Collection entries
╭──
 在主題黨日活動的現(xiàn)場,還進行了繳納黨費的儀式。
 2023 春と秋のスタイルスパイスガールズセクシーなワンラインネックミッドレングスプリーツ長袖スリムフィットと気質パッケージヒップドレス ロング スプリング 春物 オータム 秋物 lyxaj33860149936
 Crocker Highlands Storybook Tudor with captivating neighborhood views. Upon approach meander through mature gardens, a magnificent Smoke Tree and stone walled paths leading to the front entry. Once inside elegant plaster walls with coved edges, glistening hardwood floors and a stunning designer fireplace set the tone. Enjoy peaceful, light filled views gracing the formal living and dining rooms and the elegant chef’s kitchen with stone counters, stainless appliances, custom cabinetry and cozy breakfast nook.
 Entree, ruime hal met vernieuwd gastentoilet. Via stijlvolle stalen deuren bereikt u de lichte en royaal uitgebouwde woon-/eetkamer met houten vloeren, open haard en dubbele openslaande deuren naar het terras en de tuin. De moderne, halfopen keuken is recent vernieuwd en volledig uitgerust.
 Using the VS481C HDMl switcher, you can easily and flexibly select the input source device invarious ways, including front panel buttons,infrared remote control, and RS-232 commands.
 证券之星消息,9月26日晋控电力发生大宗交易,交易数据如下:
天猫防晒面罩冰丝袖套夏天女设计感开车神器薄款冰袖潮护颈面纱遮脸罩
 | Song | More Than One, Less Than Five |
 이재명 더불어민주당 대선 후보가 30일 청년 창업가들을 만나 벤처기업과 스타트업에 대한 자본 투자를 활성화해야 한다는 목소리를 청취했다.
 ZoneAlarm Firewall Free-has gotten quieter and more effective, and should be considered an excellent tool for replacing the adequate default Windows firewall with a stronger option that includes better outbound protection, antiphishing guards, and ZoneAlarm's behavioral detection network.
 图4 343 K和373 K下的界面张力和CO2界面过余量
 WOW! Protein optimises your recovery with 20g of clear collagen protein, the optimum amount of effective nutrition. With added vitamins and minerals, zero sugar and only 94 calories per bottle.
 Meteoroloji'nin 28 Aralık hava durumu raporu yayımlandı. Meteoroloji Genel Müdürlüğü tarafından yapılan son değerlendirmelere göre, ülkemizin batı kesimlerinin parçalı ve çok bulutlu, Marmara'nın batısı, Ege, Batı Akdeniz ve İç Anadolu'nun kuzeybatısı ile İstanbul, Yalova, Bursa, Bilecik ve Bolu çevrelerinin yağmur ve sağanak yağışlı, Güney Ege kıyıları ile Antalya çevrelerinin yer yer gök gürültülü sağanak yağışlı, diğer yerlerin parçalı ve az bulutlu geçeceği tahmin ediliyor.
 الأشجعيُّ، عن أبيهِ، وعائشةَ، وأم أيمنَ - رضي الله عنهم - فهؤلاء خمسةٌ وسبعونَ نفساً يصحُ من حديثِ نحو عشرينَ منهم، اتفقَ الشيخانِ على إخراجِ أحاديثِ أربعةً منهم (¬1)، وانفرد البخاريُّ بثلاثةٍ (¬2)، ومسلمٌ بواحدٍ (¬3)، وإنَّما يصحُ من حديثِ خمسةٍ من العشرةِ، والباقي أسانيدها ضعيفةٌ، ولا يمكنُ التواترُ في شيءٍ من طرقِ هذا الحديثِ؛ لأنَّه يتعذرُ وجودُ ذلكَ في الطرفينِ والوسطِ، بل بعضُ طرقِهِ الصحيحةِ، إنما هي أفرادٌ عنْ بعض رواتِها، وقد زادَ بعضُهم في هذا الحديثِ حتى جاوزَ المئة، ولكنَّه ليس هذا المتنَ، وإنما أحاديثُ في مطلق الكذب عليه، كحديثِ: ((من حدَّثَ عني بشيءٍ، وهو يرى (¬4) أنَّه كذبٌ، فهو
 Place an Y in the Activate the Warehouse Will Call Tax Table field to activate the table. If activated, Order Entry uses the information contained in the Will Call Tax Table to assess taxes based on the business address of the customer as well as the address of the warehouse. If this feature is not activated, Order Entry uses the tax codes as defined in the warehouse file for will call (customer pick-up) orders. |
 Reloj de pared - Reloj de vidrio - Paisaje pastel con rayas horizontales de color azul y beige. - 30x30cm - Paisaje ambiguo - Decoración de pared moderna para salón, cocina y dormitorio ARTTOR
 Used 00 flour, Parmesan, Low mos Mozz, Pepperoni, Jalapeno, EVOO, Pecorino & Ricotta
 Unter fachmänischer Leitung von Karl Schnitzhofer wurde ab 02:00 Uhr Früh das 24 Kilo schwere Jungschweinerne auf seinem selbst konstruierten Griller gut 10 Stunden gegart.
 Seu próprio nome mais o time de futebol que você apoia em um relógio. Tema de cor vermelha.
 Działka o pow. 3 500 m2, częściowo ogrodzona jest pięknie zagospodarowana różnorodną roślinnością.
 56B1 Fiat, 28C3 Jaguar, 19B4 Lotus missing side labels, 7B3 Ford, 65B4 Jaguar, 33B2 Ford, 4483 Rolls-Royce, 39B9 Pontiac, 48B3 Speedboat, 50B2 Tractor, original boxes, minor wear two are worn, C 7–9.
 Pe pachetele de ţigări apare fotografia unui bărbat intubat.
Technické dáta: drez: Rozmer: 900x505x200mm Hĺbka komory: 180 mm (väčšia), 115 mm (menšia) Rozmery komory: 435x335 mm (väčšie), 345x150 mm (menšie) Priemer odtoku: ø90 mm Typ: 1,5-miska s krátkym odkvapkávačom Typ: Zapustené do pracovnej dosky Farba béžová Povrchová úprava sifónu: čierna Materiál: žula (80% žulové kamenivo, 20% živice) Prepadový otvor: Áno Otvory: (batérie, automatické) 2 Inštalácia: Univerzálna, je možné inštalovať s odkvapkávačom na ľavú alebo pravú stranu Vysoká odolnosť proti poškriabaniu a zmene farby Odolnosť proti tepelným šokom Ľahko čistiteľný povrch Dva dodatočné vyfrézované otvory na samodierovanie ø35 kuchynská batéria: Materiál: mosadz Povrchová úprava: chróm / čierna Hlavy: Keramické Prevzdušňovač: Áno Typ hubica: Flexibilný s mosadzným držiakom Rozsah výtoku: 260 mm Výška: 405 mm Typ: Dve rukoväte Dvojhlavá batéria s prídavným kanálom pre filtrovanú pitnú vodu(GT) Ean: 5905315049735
╰──
### WORK REQUEST
What this exercise asks for is the data above, retyped exactly.

### TASK OUTPUT
 在主題黨日活動的現(xiàn)場,還進行了繳納黨費的儀式。
 2023 春と秋のスタイルスパイスガールズセクシーなワンラインネックミッドレングスプリーツ長袖スリムフィットと気質パッケージヒップドレス ロング スプリング 春物 オータム 秋物 lyxaj33860149936
 Crocker Highlands Storybook Tudor with captivating neighborhood views. Upon approach meander through mature gardens, a magnificent Smoke Tree and stone walled paths leading to the front entry. Once inside elegant plaster walls with coved edges, glistening hardwood floors and a stunning designer fireplace set the tone. Enjoy peaceful, light filled views gracing the formal living and dining rooms and the elegant chef’s kitchen with stone counters, stainless appliances, custom cabinetry and cozy breakfast nook.
 Entree, ruime hal met vernieuwd gastentoilet. Via stijlvolle stalen deuren bereikt u de lichte en royaal uitgebouwde woon-/eetkamer met houten vloeren, open haard en dubbele openslaande deuren naar het terras en de tuin. De moderne, halfopen keuken is recent vernieuwd en volledig uitgerust.
 Using the VS481C HDMl switcher, you can easily and flexibly select the input source device invarious ways, including front panel buttons,infrared remote control, and RS-232 commands.
 证券之星消息,9月26日晋控电力发生大宗交易,交易数据如下:
天猫防晒面罩冰丝袖套夏天女设计感开车神器薄款冰袖潮护颈面纱遮脸罩
 | Song | More Than One, Less Than Five |
 이재명 더불어민주당 대선 후보가 30일 청년 창업가들을 만나 벤처기업과 스타트업에 대한 자본 투자를 활성화해야 한다는 목소리를 청취했다.
 ZoneAlarm Firewall Free-has gotten quieter and more effective, and should be considered an excellent tool for replacing the adequate default Windows firewall with a stronger option that includes better outbound protection, antiphishing guards, and ZoneAlarm's behavioral detection network.
 图4 343 K和373 K下的界面张力和CO2界面过余量
 WOW! Protein optimises your recovery with 20g of clear collagen protein, the optimum amount of effective nutrition. With added vitamins and minerals, zero sugar and only 94 calories per bottle.
 Meteoroloji'nin 28 Aralık hava durumu raporu yayımlandı. Meteoroloji Genel Müdürlüğü tarafından yapılan son değerlendirmelere göre, ülkemizin batı kesimlerinin parçalı ve çok bulutlu, Marmara'nın batısı, Ege, Batı Akdeniz ve İç Anadolu'nun kuzeybatısı ile İstanbul, Yalova, Bursa, Bilecik ve Bolu çevrelerinin yağmur ve sağanak yağışlı, Güney Ege kıyıları ile Antalya çevrelerinin yer yer gök gürültülü sağanak yağışlı, diğer yerlerin parçalı ve az bulutlu geçeceği tahmin ediliyor.
 الأشجعيُّ، عن أبيهِ، وعائشةَ، وأم أيمنَ - رضي الله عنهم - فهؤلاء خمسةٌ وسبعونَ نفساً يصحُ من حديثِ نحو عشرينَ منهم، اتفقَ الشيخانِ على إخراجِ أحاديثِ أربعةً منهم (¬1)، وانفرد البخاريُّ بثلاثةٍ (¬2)، ومسلمٌ بواحدٍ (¬3)، وإنَّما يصحُ من حديثِ خمسةٍ من العشرةِ، والباقي أسانيدها ضعيفةٌ، ولا يمكنُ التواترُ في شيءٍ من طرقِ هذا الحديثِ؛ لأنَّه يتعذرُ وجودُ ذلكَ في الطرفينِ والوسطِ، بل بعضُ طرقِهِ الصحيحةِ، إنما هي أفرادٌ عنْ بعض رواتِها، وقد زادَ بعضُهم في هذا الحديثِ حتى جاوزَ المئة، ولكنَّه ليس هذا المتنَ، وإنما أحاديثُ في مطلق الكذب عليه، كحديثِ: ((من حدَّثَ عني بشيءٍ، وهو يرى (¬4) أنَّه كذبٌ، فهو
 Place an Y in the Activate the Warehouse Will Call Tax Table field to activate the table. If activated, Order Entry uses the information contained in the Will Call Tax Table to assess taxes based on the business address of the customer as well as the address of the warehouse. If this feature is not activated, Order Entry uses the tax codes as defined in the warehouse file for will call (customer pick-up) orders. |
 Reloj de pared - Reloj de vidrio - Paisaje pastel con rayas horizontales de color azul y beige. - 30x30cm - Paisaje ambiguo - Decoración de pared moderna para salón, cocina y dormitorio ARTTOR
 Used 00 flour, Parmesan, Low mos Mozz, Pepperoni, Jalapeno, EVOO, Pecorino & Ricotta
 Unter fachmänischer Leitung von Karl Schnitzhofer wurde ab 02:00 Uhr Früh das 24 Kilo schwere Jungschweinerne auf seinem selbst konstruierten Griller gut 10 Stunden gegart.
 Seu próprio nome mais o time de futebol que você apoia em um relógio. Tema de cor vermelha.
 Działka o pow. 3 500 m2, częściowo ogrodzona jest pięknie zagospodarowana różnorodną roślinnością.
 56B1 Fiat, 28C3 Jaguar, 19B4 Lotus missing side labels, 7B3 Ford, 65B4 Jaguar, 33B2 Ford, 4483 Rolls-Royce, 39B9 Pontiac, 48B3 Speedboat, 50B2 Tractor, original boxes, minor wear two are worn, C 7–9.
 Pe pachetele de ţigări apare fotografia unui bărbat intubat.
Technické dáta: drez: Rozmer: 900x505x200mm Hĺbka komory: 180 mm (väčšia), 115 mm (menšia) Rozmery komory: 435x335 mm (väčšie), 345x150 mm (menšie) Priemer odtoku: ø90 mm Typ: 1,5-miska s krátkym odkvapkávačom Typ: Zapustené do pracovnej dosky Farba béžová Povrchová úprava sifónu: čierna Materiál: žula (80% žulové kamenivo, 20% živice) Prepadový otvor: Áno Otvory: (batérie, automatické) 2 Inštalácia: Univerzálna, je možné inštalovať s odkvapkávačom na ľavú alebo pravú stranu Vysoká odolnosť proti poškriabaniu a zmene farby Odolnosť proti tepelným šokom Ľahko čistiteľný povrch Dva dodatočné vyfrézované otvory na samodierovanie ø35 kuchynská batéria: Materiál: mosadz Povrchová úprava: chróm / čierna Hlavy: Keramické Prevzdušňovač: Áno Typ hubica: Flexibilný s mosadzným držiakom Rozsah výtoku: 260 mm Výška: 405 mm Typ: Dve rukoväte Dvojhlavá batéria s prídavným kanálom pre filtrovanú pitnú vodu(GT) Ean: 5905315049735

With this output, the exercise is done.